- [Supplied information]:

= Beginning of Section =

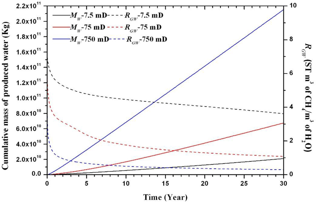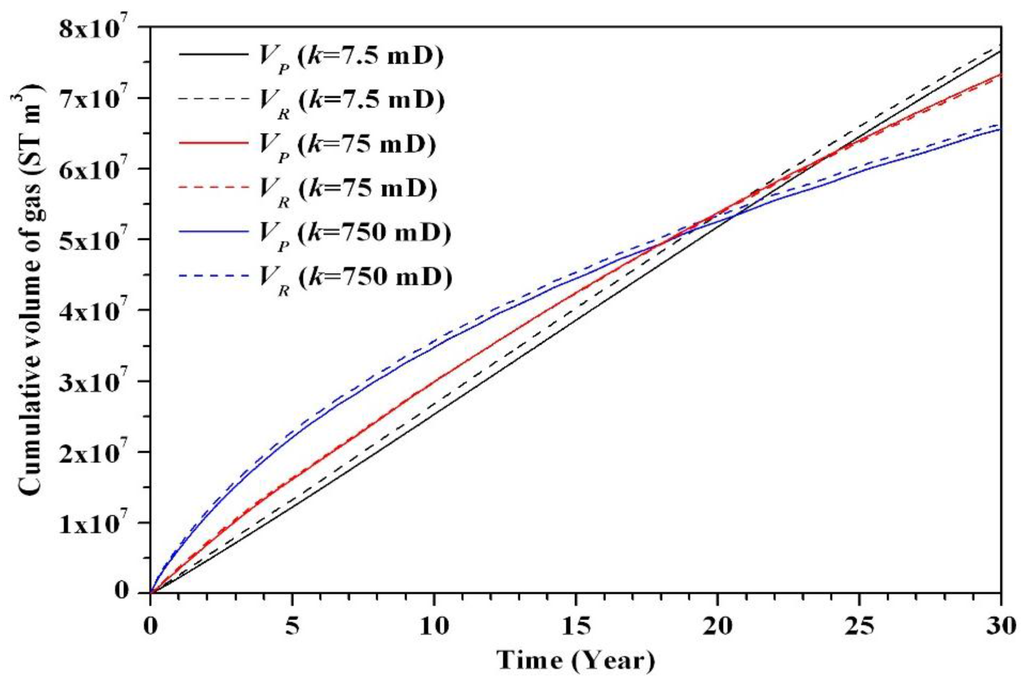 Figure 18 and Figure 19 show the dependence of VP, VR, MW, RGW on the intrinsic permeability k, respectively. In the sensitivity cases, the k of the 3 m-massive hydrate layer (7.5 × 1012 m2) and the carbonate layer (7.5 × 1020 m2) keep no change, and the k of the other layers changes from 7.5 × 1014 m2 (75 mD) into 7.5 × 1015 m2 (7.5 mD) and 7.5 × 1013 m2 (750 mD), respectively.
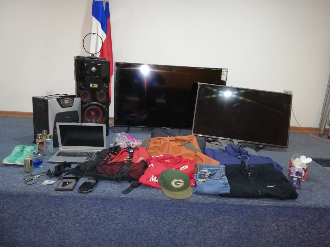 En el operativo, carabineros recuperó una serie de artículos electrónicos, entre ellos algunos plasma, equipo de música, prendas de vestir y una pistola calibre 22 milímetros, especies que habían sido robadas la misma tarde del martes en domicilios de las Villas Los Volcanes y Venecia./
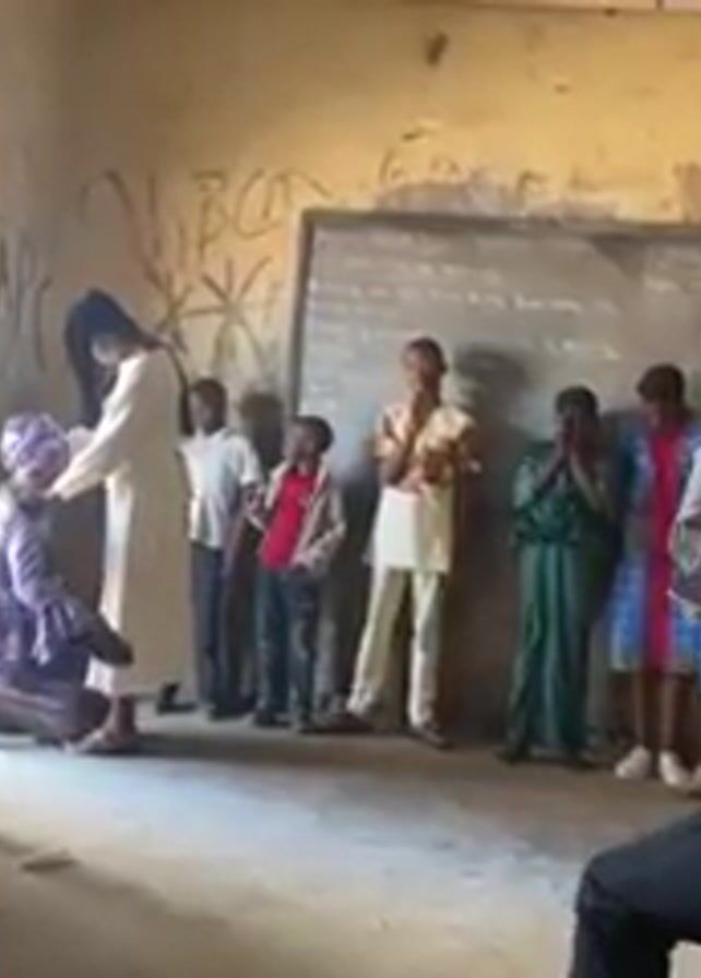 The interior of a classroom is visible in this video. The walls are stained and have graffiti on them. A blackboard is at the back of the room with writing on it. A group of about 10 children of varying ages stand near the blackboard. A woman in a white dress and a woman in purple kneel together. The woman in white appears to be assisting or praying with the woman in purple. Some of the children have their hands raised, seemingly in prayer or reverence. A man wearing a black shirt and holding a phone sits at the edge of the frame, observing the scene. There are some desks and chairs in the room. The lighting in the room seems dim and natural, coming from a window visible on the left side.
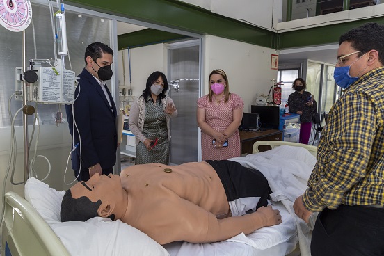 Con la directora Gloria Ángeles Ávila y personal académico y administrativo realizó un recorrido por las instalaciones de la Facultad de Enfermería y Obstetricia para identificar las necesidades más inmediatas de esta comunidad.

= End of Section =

- [Work instruction]: Make an exact copy of the whole listing, but don't bring over any pictures.

- [Expected output]:
 Figure 18 and Figure 19 show the dependence of VP, VR, MW, RGW on the intrinsic permeability k, respectively. In the sensitivity cases, the k of the 3 m-massive hydrate layer (7.5 × 1012 m2) and the carbonate layer (7.5 × 1020 m2) keep no change, and the k of the other layers changes from 7.5 × 1014 m2 (75 mD) into 7.5 × 1015 m2 (7.5 mD) and 7.5 × 1013 m2 (750 mD), respectively.
 En el operativo, carabineros recuperó una serie de artículos electrónicos, entre ellos algunos plasma, equipo de música, prendas de vestir y una pistola calibre 22 milímetros, especies que habían sido robadas la misma tarde del martes en domicilios de las Villas Los Volcanes y Venecia./
 The interior of a classroom is visible in this video. The walls are stained and have graffiti on them. A blackboard is at the back of the room with writing on it. A group of about 10 children of varying ages stand near the blackboard. A woman in a white dress and a woman in purple kneel together. The woman in white appears to be assisting or praying with the woman in purple. Some of the children have their hands raised, seemingly in prayer or reverence. A man wearing a black shirt and holding a phone sits at the edge of the frame, observing the scene. There are some desks and chairs in the room. The lighting in the room seems dim and natural, coming from a window visible on the left side.
 Con la directora Gloria Ángeles Ávila y personal académico y administrativo realizó un recorrido por las instalaciones de la Facultad de Enfermería y Obstetricia para identificar las necesidades más inmediatas de esta comunidad.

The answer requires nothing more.